К а ч а л о в. Ну разумеется. Ты хотел про свинью-художницу – она еще лучше. Необыкновенная по глубине. Свинья потерлась об забор боком и нарисовала большое грязное пятно. А другие скоты подходят и ну хвалить: «Великолепно! Замечательно!» И решила тогда свинья, что она и впрямь великая художница… Ты, Алексей, верно, сам не понимаешь, какая это великолепная вещь!
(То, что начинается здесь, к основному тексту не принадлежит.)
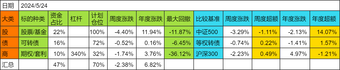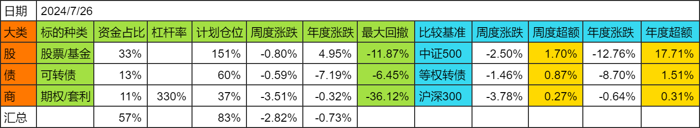 1、大类股票+0.7%,相对中证500超额-10.12%,持仓基金及股票全部跑输中证500,其中量化基金让我大开眼界,策略踩踏有点恐怖。
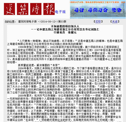 2014年6月12日,《建筑时报》以“不知疲倦的项目领头人”为题报道了浙江分公司党总支书记兼嘉里中心项目刘凯仁。通过“抓质量赶进度,解决难题的‘专家’”、“创品牌树形象,齐心协力战嘉里”、“便施工节工期,管理创优出效益”讲述了一个“超英式”的好书记,一个中建五局的好干部。
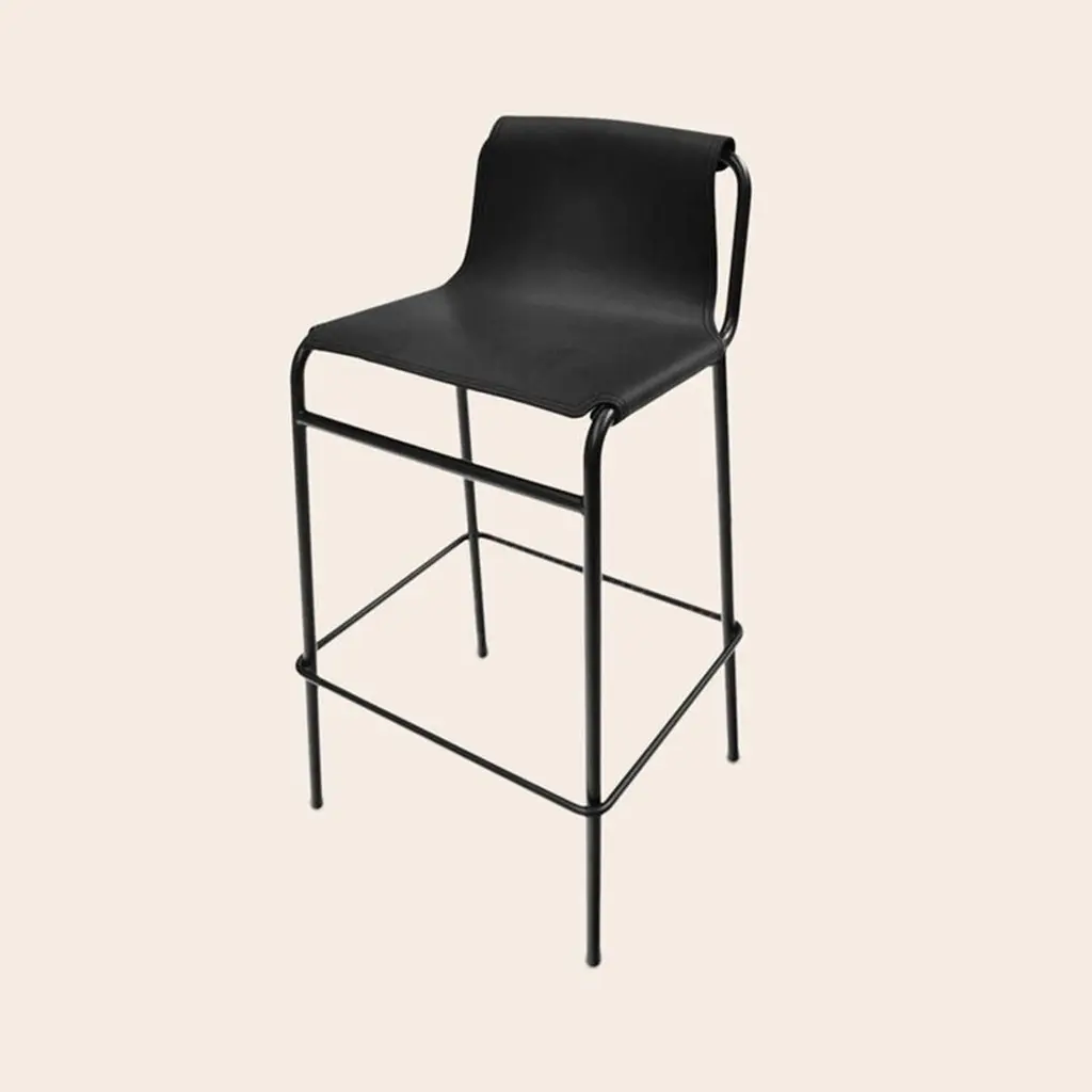 Black September Bar Stool by OxDenmarqDimensions: D 38 x W 42 x H 93 cmMaterials: Leather, Black Powder Coated SteelAlso Available: Different colors availableOX DENMARQ is a Danish design brand aspiring to make beautiful handmade furniture, accessories and lighting in natural high-quality materials in fair prices. " When we set out back in 2003, we were primarily working with vegetable-tanned saddle leather thus the name OX was a tribute to our unique leather and the animal providing it.The other half of our name, DENMARQ, is chosen to emphasize that we are a Danish design brand based on the Danish design tradition and that most of our furniture is produced in Denmark. However, DENMARQ not only refers to our home country, but also to the co-founder and designer - DENnis MARQuart.Before finishing his design studies at the Copenhagen Design University, Dennis Marquart did a Blacksmith education. This background is extremely useful when developing and designing products."OX DENMARQ handmade products will only get more beautiful as time passes and natural patina sets in.Many OX products are shaped around marble or vegetable-tanned saddle leather. Stone and leather are materials that will, and should, get marks over time. But they will also age with a very special beauty. When you learn to appreciate the beauty of maturity and of time passing, you have learned to appreciate patina the way it should be appreciated.

Т о л с т о й. Погоди! Ты сейчас спутал две сказки. Одна – про мерина. А другая про свинью. Вот теперь гость подумает, что я, писатель, не могу, отличить мерина от свиньи (говорит это с серьезным лицом и вдруг хохочет, напуская рык)… А во всем виноват Костя Федин. Пришел утром в красивой одежде, бантик кис-кис. У нас дети плачут, бабье орет, кидают сковородки на пламенную плиту. А Костя пугает: «Боюсь, говорит, Качалов после спектакля не станет читать. Тем более что он сегодня же уезжает в Москву…» Я ему объясняю: «Будет читать. Он всегда читает, потому что он – вдохновенный артист: читать для него – главное удовольствие». А Костя говорит: «А если он с удовольствием откажется от этого удовольствия?» Побились об заклад. И вот… действительно… Ты чему, Федин, радуешься? Думаешь – выиграл? Да я все равно ни в какие предсказания не верю, хотя однажды со мной была замечательная история.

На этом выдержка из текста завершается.